How to choose based on your situation
When I narrow this down for real people, I usually think in scenarios rather than brands. The same platform can be excellent for one situation and clumsy for another.
- For a medical emergency or funeral cost, I would start with Spotfund or Facebook if the audience is broad, then add Venmo or Cash App for direct gifts from close contacts.
- For tuition, travel, or a temporary cash gap, FundRazr is useful because its fee model can be configured around donor tips or fee recovery.
- For a privacy-sensitive request, I would prefer a direct payment app first and only use a public page if the need for reach outweighs the need for quiet.
- For a cause that may last months, I would choose a platform that can handle updates and recurring gifts instead of relying on a bare payment rail.
- For a campaign that depends on the organizer's own social graph, Facebook often works better than a standalone fundraiser because people donate where they already spend time.
I would not plan around PayPal Fundraisers anymore, because that option was discontinued. If you still want a PayPal-based flow, a payment link is the safer way to think about it, not a dedicated fundraiser product. The real decision is not just where money lands; it is how much structure you need before supporters will actually click.

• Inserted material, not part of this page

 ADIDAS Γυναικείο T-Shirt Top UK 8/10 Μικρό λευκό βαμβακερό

The mistakes that make small fundraisers underperform
The weakest campaigns usually fail for the same predictable reasons. The story is sincere, but the ask is vague, the link is buried, or the organizer disappears after the first post.

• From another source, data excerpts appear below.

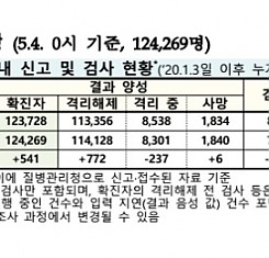 코로나19 국내 확진환자 총 124269명 및 격리해제 114128명·사망 1840명, 5월 4일 0시 기준 541명 추가 확인
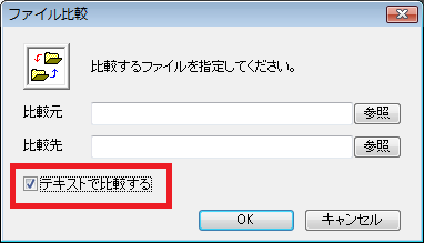 [ファイル]→[ファイル比較]で、「テキストで比較する」にチェックを付けて
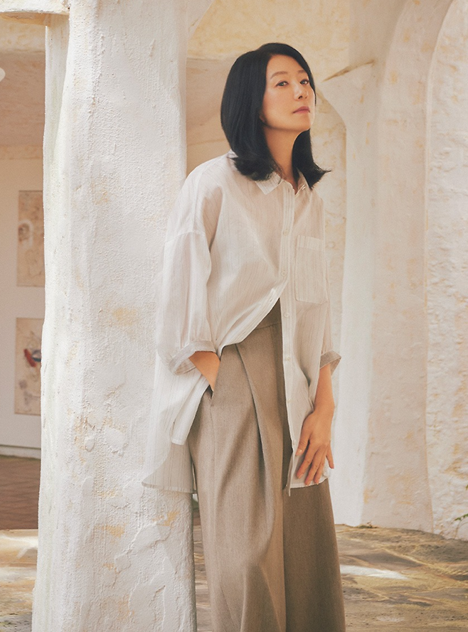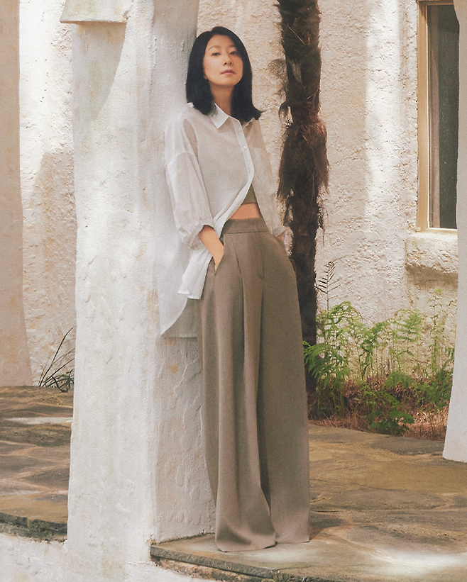 김희애는 클래식한 버튼다운 셔츠와 포멀한 팬즈를 매치해 클래식한 멋이 깃든 우아한 섬머룩으로 연출했다.
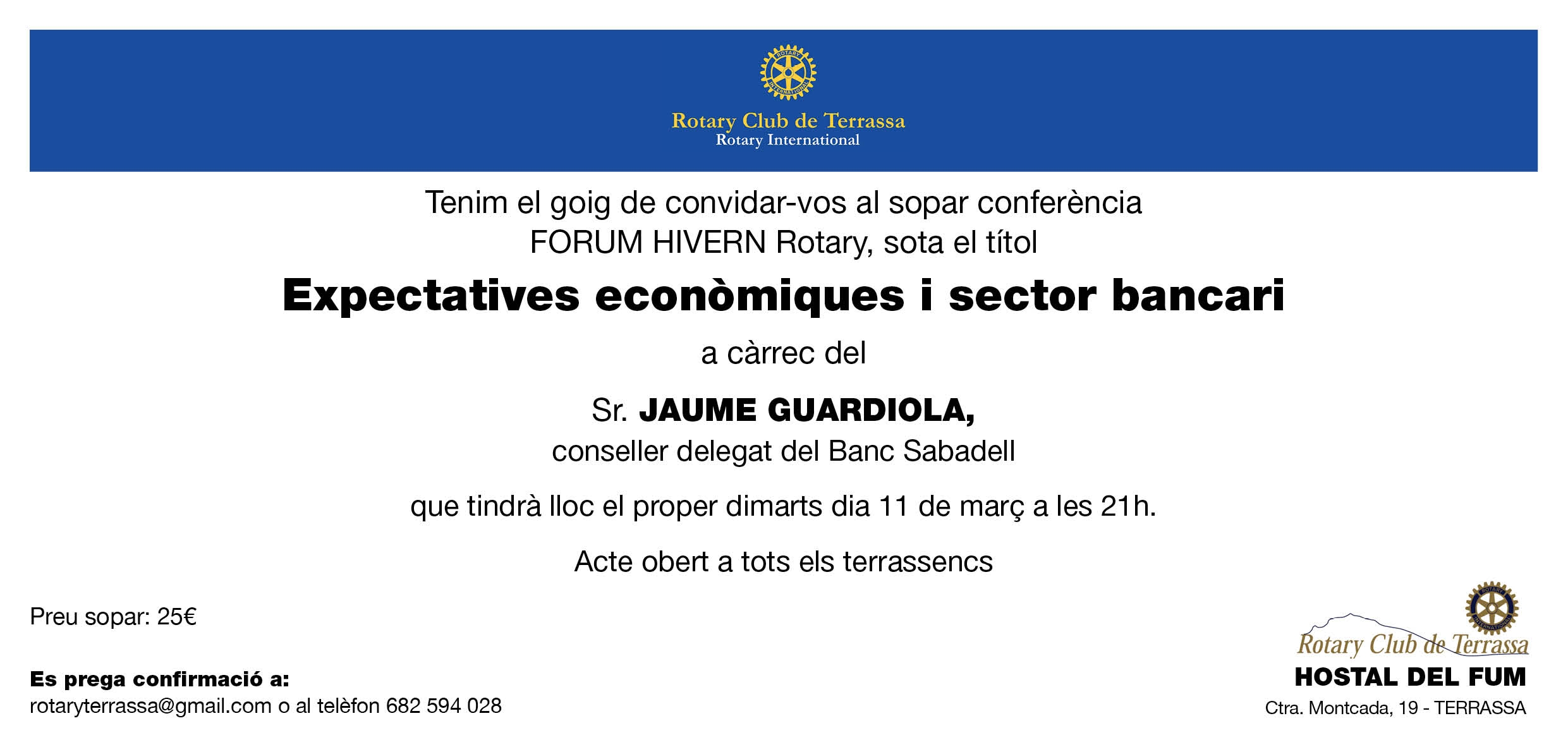 En un acte obert a tots els terrassencs, el proper dimarts dia 11de març el Rotary Club de Terrassa organitzarà un sopar Fòrum, amb el Sr. Jaume Guardiola sota el títol: Expectatives Econòmiques i sector bancari.
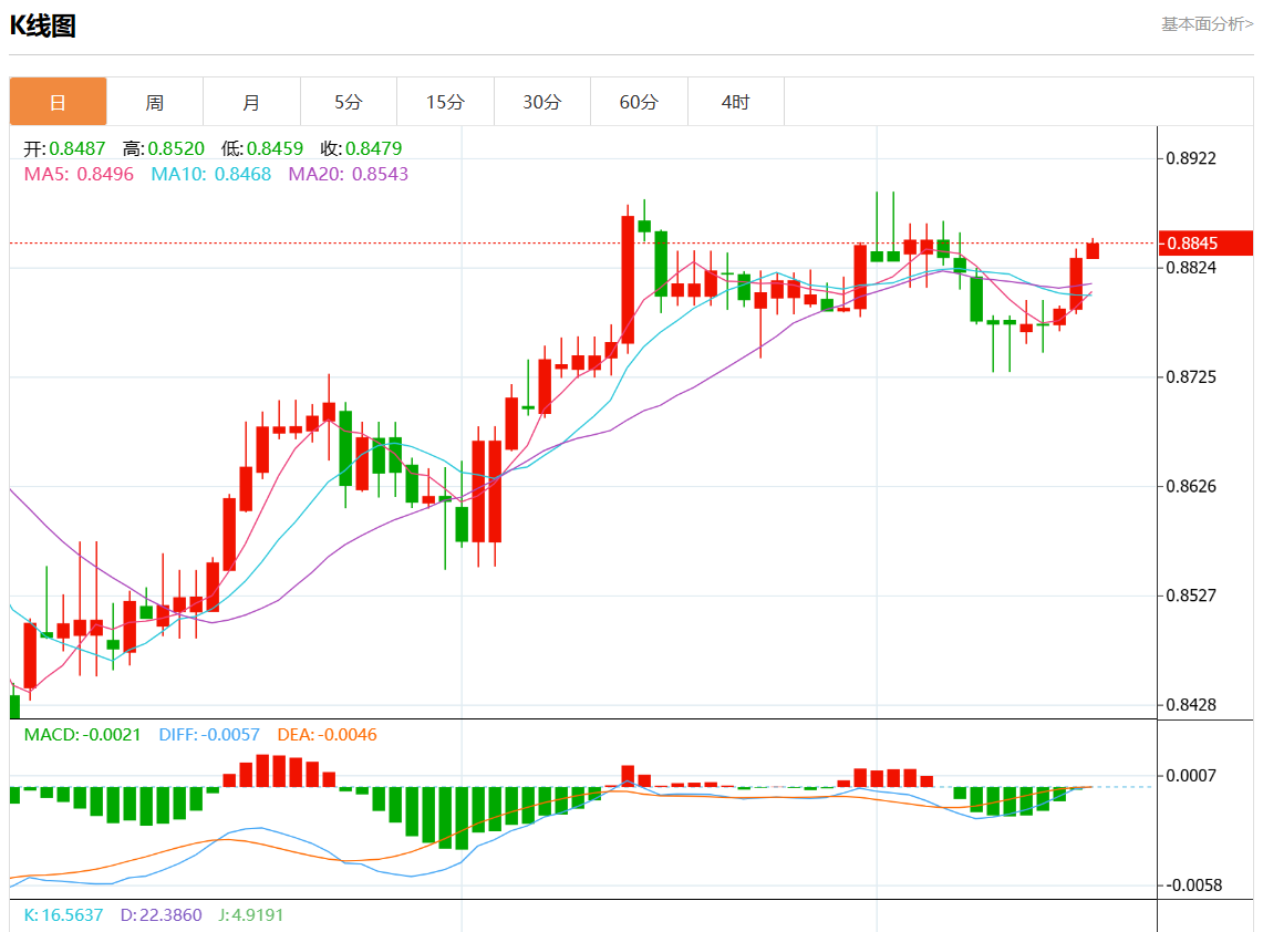 周五盘中,美元/瑞元报0.8846,涨幅0.16%。 今日分析:在0.8825之上,看涨,目标价位为0.8855,然后为0.8870。 技术点评:RI技术指标向上运行。 支撑位:0.88850.88700.8855 阻力位:0.88250.88100.8795 (亚汇网编辑:静香)
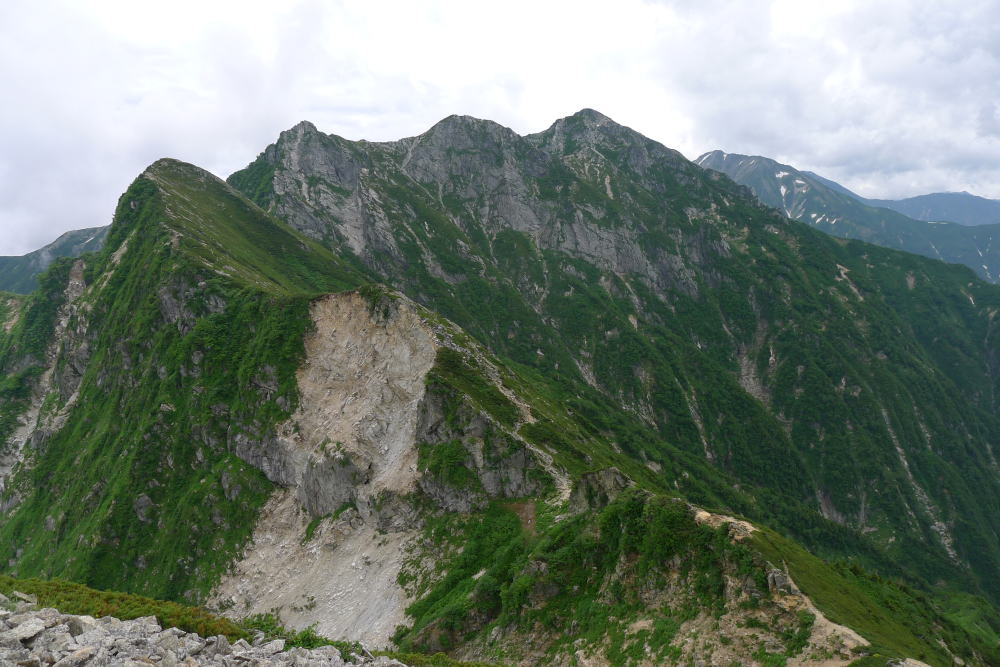 9月も下旬に入ろうとするのに、二俣までの大樺沢には秋の気配がまったくなく、唯一、ノコンギクが花盛りであったことぐらいだろうか。二俣まではガスがかかっていて遠望は利かないが、間もなくガスは取れるだろうと思われる明るさである。二俣から大樺沢をさらに八本歯ノコルへと登って行く。

- A vague goal like "help if you can" without saying what the money covers.
- Too many payment options, which makes donors hesitate instead of act.
- No update rhythm, so early momentum dies after the first day.
- Missing proof or context, which matters a lot when donors do not know you personally.
- No plan for thank-yous, comments, or follow-up, so the campaign feels unfinished.
- Ignoring records, which becomes a problem when you need to explain where the money went.
The best fix is boring but effective: name the amount, explain the need in one or two specific sentences, and post short updates that show progress without oversharing. Once those basics are in place, the last decision is which setup I would actually trust to collect money without slowing the donor down.
The route I would take for a private ask, a public campaign, and a longer effort
If the money needs to move fast and the donor pool is small, I would start with Venmo or Cash App. If the need is public and the audience is mixed, I would pick Spotfund or Facebook because the sharing flow is more natural. If the campaign needs flexibility around fees, donor tips, or a longer life cycle, FundRazr and GiveSendGo are the stronger alternatives to GoFundMe for individuals in the U.S. because they are built to handle more than a bare transfer.
My practical advice is to choose the tool that removes the most friction for your actual supporters, not the one with the loudest name. Keep the ask specific, keep the budget honest, and keep the updates frequent, and the platform becomes a helper instead of the whole strategy.